Но даже это было пустяком по сравнению с тем, что он вскользь услышал: 22 февраля 1522 года в Виттенберге распаленный проповедями Карлштадта люд выволок из соборов и церквей алтари, изображения святых и мучеников и под улюлюканье и кощунственные песни сжег их на площади. Услышав — не поверил. Он, Дюрер, лучше других знает, как высоко ценит Карлштадт труд живописца, своими ушами слышал, как говорил тот о живописи всего три месяца тому назад! Но — увы! — было это правдой.
Бывший ценитель его мастерства, ссылаясь на библию, теперь доказывал: помещение картин в церквях — нарушение заповеди «не сотвори себе кумира». Истинная вера велит: сокрушите идолов, оскверняющих божий храм! Так черным по белому было написано в последней книге Карлштадта. Дюрер читал ее содрогаясь. Вслед за Виттенбергом «сокрушение идолов» началось в других городах. Волна катилась к Нюрнбергу. Художник мысленным взором уже видел безжалостное лезвие топора, впивающееся в его алтари, слышал мучительный стон раскалываемого дерева, а ноздри обоняли запах горящей краски. Всю жизнь он думал, что служит богу, а оказалось, что тешил дьявола. Свет померк.
По-прежнему каждый день он заходил в свою мастерскую. Нет, теперь он даже и не пытался работать. Ставя одну за другой на мольберт картины, он подолгу рассматривал их. Пытался постигнуть: в чем же греховность его труда и почему он вдруг стал никому не нужен? Ученики, видимо, догадывались, что творится в душе у мастера. Зебальд Бегам делал попытки утешить его. Ведь Карлштадт говорит только об алтарях. Но разве художник писал одни алтари? Остаются еще портреты. Остаются картины, изображающие то, что происходит вокруг. Да, конечно, это так, но ведь речь об ином. Им, молодым, легче расстаться с прошлым и его традициями, они просто не знают их. А для него алтари, несмотря ни на что, продолжают оставаться высшей формой творчества. Алтарь вечен, он постоянно на виду у людей, это незыблемый памятник живописцу, создавшему его. Он — душа художника, остающаяся жить на земле после его смерти…
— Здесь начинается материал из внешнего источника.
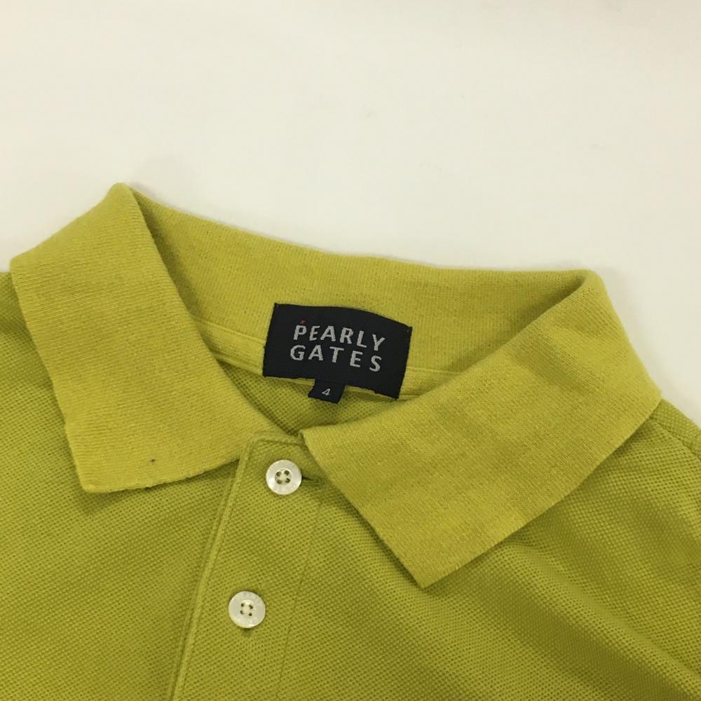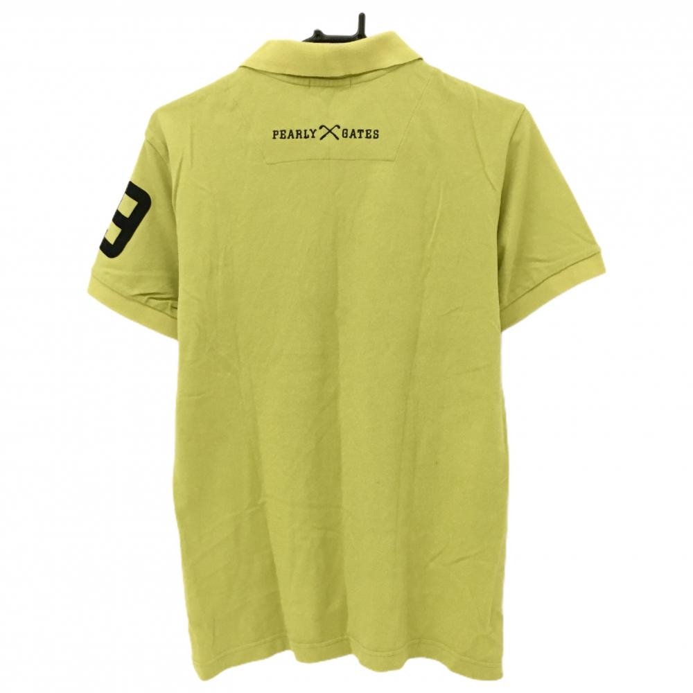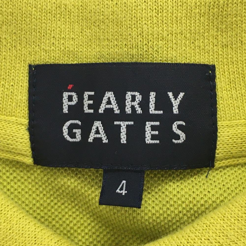 【美品】パーリーゲイツ 半袖ポロシャツ ライムグリーン×黒 襟裏ボーダー 胸ロゴ メンズ 4(M) ゴルフウェア PEARLY GATES

Не нужно было обладать глубокой проницательностью, чтобы понять: катится Священная Римская империя к братоубийственному раздору. Дело даже не в Лютере, он, в конце концов, не призывает хвататься за ножи, но вот те, кто подхватил это учение и пошел дальше, берутся за оружие, им ненавистно старое. Сейчас жгут алтари, а завтра? Куда направится их гнев и разбуженные силы? Советники императора ответ нашли: на неверных, на турок! Перед лицом этой опасности должен оставить христианский мир свои распри, объединиться под знаменем креста.
Итак, новый рейхстаг! Чтобы показать, что император чтит традиции, было решено открыть его в марте в Нюрнберге. На этот раз не украшал себя город по случаю столь знаменательного события, не ставил триумфальных арок и не чеканил медалей. Да и опять не увидит он императора — сам-то Карл остался верен себе и не собирался отбывать «нюрнбергскую повинность», возложенную на властителей Священной Римской империи «Золотой буллой». Война с французским королем якобы мешает ему посетить Нюрнберг. Вместо себя он направил специального посла.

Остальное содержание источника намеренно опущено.